The importance of organizational agility in a landscape dominated by disruption was a main topic of discussion at this year’s Kellogg Marketing Leadership Summit: Agility – The Key to Unlocking Growth.

We were pleased to lead an interactive session on ‘Leading an Agile Organization’ with more than 80 senior marketing leaders. We defined agility as the willingness and ability to essentially disrupt your own organization to drive sustainable innovation. Through discussion and live polling of the CMOs, we uncovered some key insights on the important connection between leadership potential and the ability to create an agile organization:

Not surprisingly, nearly half of the people in the room said that their organization was both disrupting and being disrupted. Less than 10% said neither was taking place.

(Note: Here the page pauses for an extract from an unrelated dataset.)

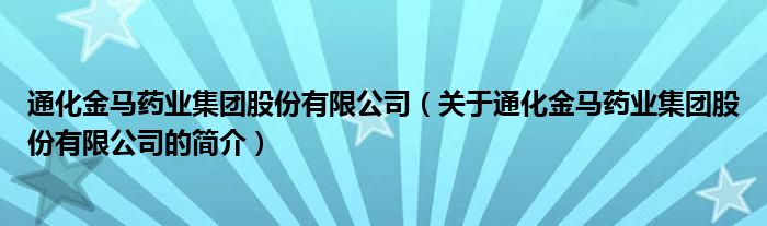 本文關于通化金馬藥業集團股份有限公司的簡介就講解完畢,希望對大家有所幫助。
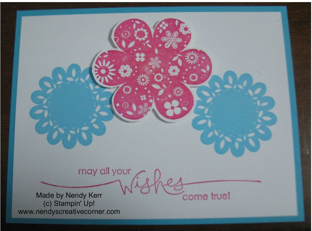 Make this quick card using the Printed Petals stamp set (w#116679 c#120444) and a sentiment set. I used the retired Heard from the Heart stamp set. I used Whisper White and Tempting Turquoise card stock. I used Melon Mambo and Tempting Turquoise ink. I hand cut the Melon Mambo flower and used Dimensionals to pop it up.

So clearly, companies are not just one or the other – and entrepreneurial startups face many of the same challenges as the stalwarts in the industries they set out to disrupt. But across a spectrum of different organizations and business models, who is best positioned to ensure that organizations intentionally pursue agility and adapt to disruption? Overwhelmingly, the marketing leadership surveyed agreed that agility begins in the C-suite, not with a digital expert, and over 50% believe that the CEO is in the best position to drive the agility agenda.

Session attendees were split on how their organizations approach one inevitable byproduct of innovative thinking – failure. Just over half of attendees surveyed asserted that their company embraces failed projects and lives by the mantra to fail fast and learn from it. The other half said that their company has a ‘failure is not an option’ mentality. But how can companies be agile, innovate and try new things if there is no room for failure?

We talked about the importance of developing high potential talent in our teams – individuals with the curiosity, insight, engagement and determination that is critical to creating an agile organization that is willing to take risks and reward both failure and success. Focusing on potential in development and succession plans helps build leaders and teams who can set this kind of agenda, and create the environment for others to collaboratively and sustainably innovate. After all, the businesses and even jobs of tomorrow will be different, so we must identify the leaders who can adapt. What characteristics help identify potential? Curiosity about what comes next or what is possible. Determination – the ability to pick yourself back up again, even after failure; necessary in order to thrive in complex, often uncomfortable environments. Insight – the ability to see the big picture and to connect many, often conflicting, agendas, data points and opinions and articulate a vision and a strategy to achieve it. And creating this shared vision takes leaders who score high in engagement – they are the influencers who motivate teams to collaborate to achieve a common goal.

We asked the marketing leaders which trait of potential represented their teams’ biggest strength, and nearly 50% said determination – not surprising given that about the same number reported working in organizations that are being both disrupted and are disrupting, and that their organizations embrace a try and fail model in order to adapt to the new challenges and opportunities presented by wholesale disruption. So clearly determination in these scenarios is a good and necessary thing – however determination in the absence or without enough of the other three traits does not necessarily lead to a culture that embraces experimentation, or that succeeds at leading innovation. What is missing from these organizations is the critical mix for disruption and transformation: curiosity and insight. People with these traits excel at learning and synthesizing information, developing and testing hypotheses, and generating novel ideas. They are comfortable wading through unchartered territory to create new categories and deliver services in unique ways. If they also are determined, they will work smarter – not just harder.

At the heart of the discussion is the recognition that agility requires an organizational mindset and specific leadership capabilities. Leaders of agile companies must identify and retain the talent capable of leading innovation, and create a culture that is committed to experimentation and comfort with failure as a key to future success.